Background: Metro Extract History

Mike “King Among Cartographers” Migurski initially created OSM Metro Extracts in 2011, responding to a really basic problem: if someone wanted to use OSM data to make a map of, say, just the New York City metro area, she could either do a total planet download or download individual states from Geofabrik and cobble together a metro area.

Basically, a workflow that leads to making this facial expression:

seriously?

So Migurski set up and, for a while, hosted Metro Extract downloads. And awesome people like Nelson Minar and Smart Chicago and a ton of other people in the mapping community contributed to it and helped maintain it. With Extractotron, if that same user wanted to get OSM data of just the New York City metro area, she could do so really easily.

And in its time the Extracts came to reflect the size of the City, then the Province. And slowly but surely Migurski found himself building a map of the Empire which coincided point for point with Empire itself.

(Actually, it was just a kind of unwieldy project to maintain, but I had to hit my weekly Borges jokes quota.) Eventually Mapzen took on running and releasing Metro Extracts. We made a chef recipe to do it (if those words just mean food to you, go here), which makes maintenance and updating the extracts easier.

Which brings us to now, and to our download page.

File formats

Let’s say that I want to work on a mapping project and it only concerns New York City. Here’s what I see when I look at the available NYC metro extracts:

NYC Extracts

The file formats as read from left to right basically go from the rawest form available for OSM data to the most structured, prepackaged format. (At Mapzen we make the “server farm to data table” joke a lot; in this case imagine we’re moving from a bowl of coagulating soymilk to neat pre-packaged, pre-flavored tofu cubelets.)

OSM PBF and OSM XML

OSM is a special community. Likewise, OSM data is really special. So special, it gets its own file format that nobody else uses, .osm. These files can be compressed, either as XML .bx2 or .pbf. There are grimier details of .pbf versus XML, for the purposes of this post let’s just note that .pbf is smaller (more on .pbf here).

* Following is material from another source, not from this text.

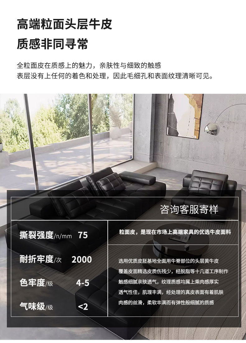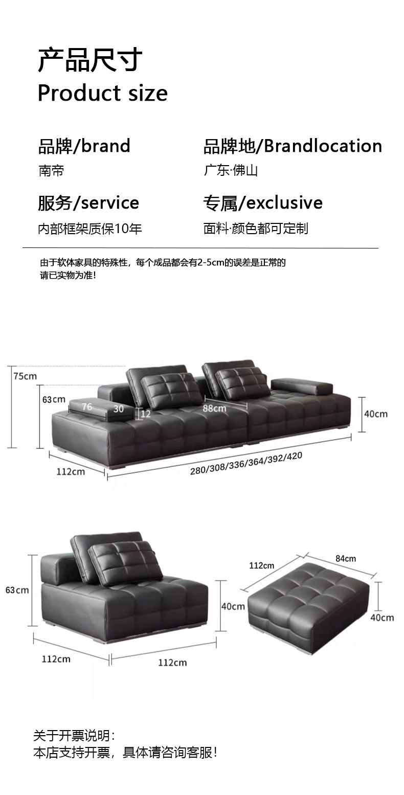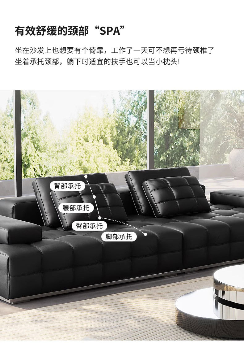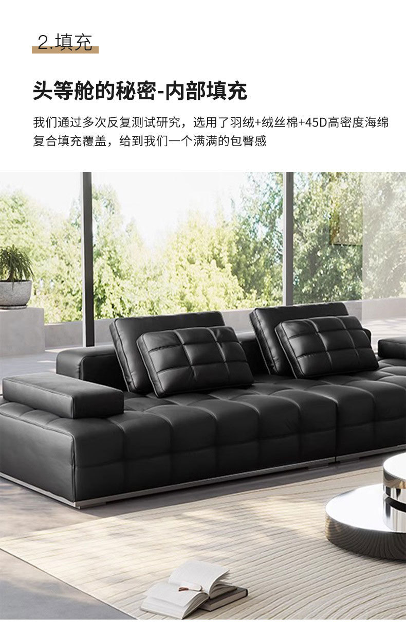 Sofa kulit barisan lurus Lawrence minimalis Italia ruang tamu sofa kulit hitam desainer Vila Apartemen besar

Why would I want this format? Let’s say I don’t want to deal with messy admin polygons in my OSM data, and that I also want to filter for some specific tagged OSM data, like amenity=police. I could use some of the same command line tools that generate our Metro Extracts—like Osmosis, osm2pgsql, and ogr2ogr to generate a GeoJSON with an OSM dataset custom to my needs. If you’re real particular about what you need to extract from a metro extract, this is probably for you.

But if you want everything and if you don’t really want to do more refining of the data yourself, maybe one of these shapefiles or GeoJSONs will serve your needs.

OSM2PGSQL and IMPOSM

If you’re working with spatial data, you’re most likely working with SQL data (listen, we can talk about hipster NoSQL stuff some other time, right now let’s stick to file formats). osm2pgsql and imposm are tools for importing .osm data into PostGIS. Mapzen’s chef recipe then generates shapefiles using the PostGIS command pgsql2shp and GeoJSONs using ogr2ogr. osm2pgsql and imposm carve up .osm data in different ways that you can configure yourself; for now let’s just talk about what Mapzen’s configuration generates.

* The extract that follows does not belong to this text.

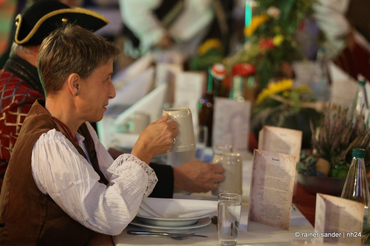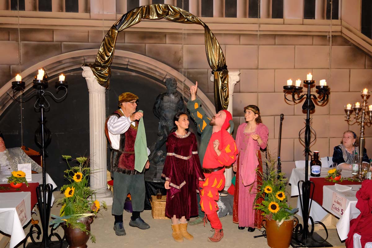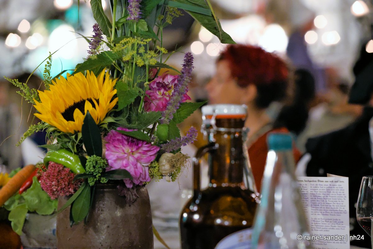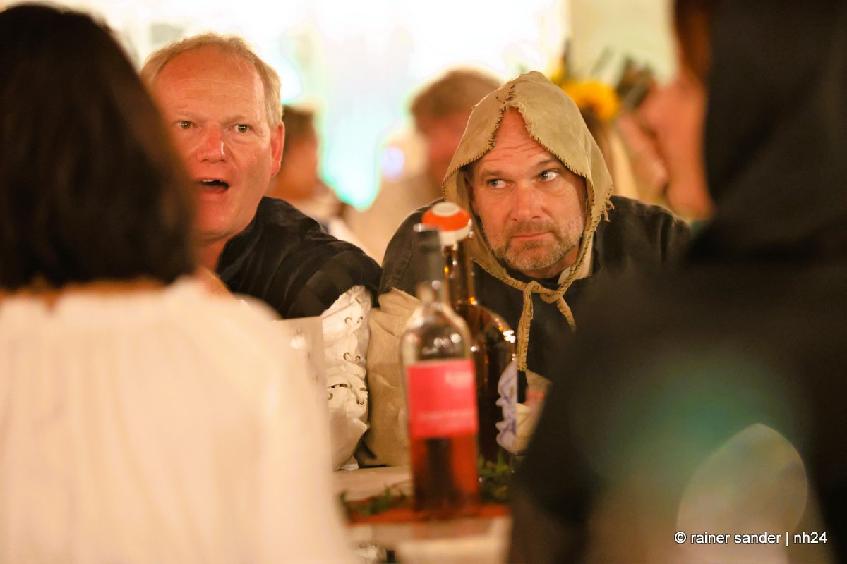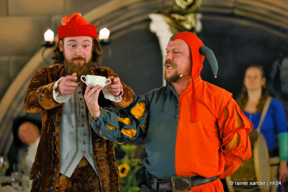 Die Tafeley, die heute Abend – bereits ausverkauft – wiederholt wird, war ein authentisches Fest mit festlicher Dekoration, leckeren Klößen und deftigem Gulasch gleitet von Musik der Spielleute, Gauklereien und Kunststücken war zugleich das kurzweilige Schaulaufen von Kleidung aus fünf Jahrhunderten, von mittelalterlich bis modern.

Our osm2pgsql export chops up OSM data into 3 datasets: lines, points, and polygons. Let’s take a look at the point GeoJSON:

{
"type": "Feature",
"properties": {
    "osm_id": 368395980,
    "access": null,
    "aerialway": null,
    "aeroway": "helipad",
    "amenity": null,
    "area": null,
    "barrier": null,
    "bicycle": null,
    "brand": null,
    "bridge": null,
    "boundary": null,
    "building": null,
    "capital": null,
    "covered": null,
    "culvert": null,
    "cutting": null,
    "disused": null,
    "ele": "33",
    "embankment": null,
    "foot": null,
    "harbour": null,
    "highway": null,
    "historic": null,
    "horse": null,
    "junction": null,
    "landuse": null,
    "layer": null,
    "leisure": null,
    "lock": null,
    "man_made": null,
    "military": null,
    "motorcar": null,
    "name": "Unisys Heliport",
    "natural": null,
    "oneway": null,
    "operator": null,
    "poi": null,
    "population": null,
    "power": null,
    "place": null,
    "railway": null,
    "ref": null,
    "religion": null,
    "route": null,
    "service": null,
    "shop": null,
    "sport": null,
    "surface": null,
    "toll": null,
    "tourism": null,
    "tower:type": null,
    "tunnel": null,
    "water": null,
    "waterway": null,
    "wetland": null,
    "width": null,
    "wood": null,
    "z_order": null
},
"geometry": {
    "type": "Point",
    "coordinates": [
        -74.50099,
        40.3709408
    ]
}
}

So that’s a lot of information to explain that this is a helipad. Basically every OSM tag that could be applied to a point, line, or polygon is stored as a feature property within that point, line, or polygon.

imposm exports are a little more granular—there are 18 separated datasets, most of which are kind of important OSM tags that intuitively make sense to separate out (administrative polygons, waterways, roads) and versions of the same dataset that have been “generalized”—i.e., simplified (if the filename has the suffix “gen” that’s what it means).

So should I download imposm files or osm2pgsql? It depends what you want to do and whether you prefer a slightly more granular extract.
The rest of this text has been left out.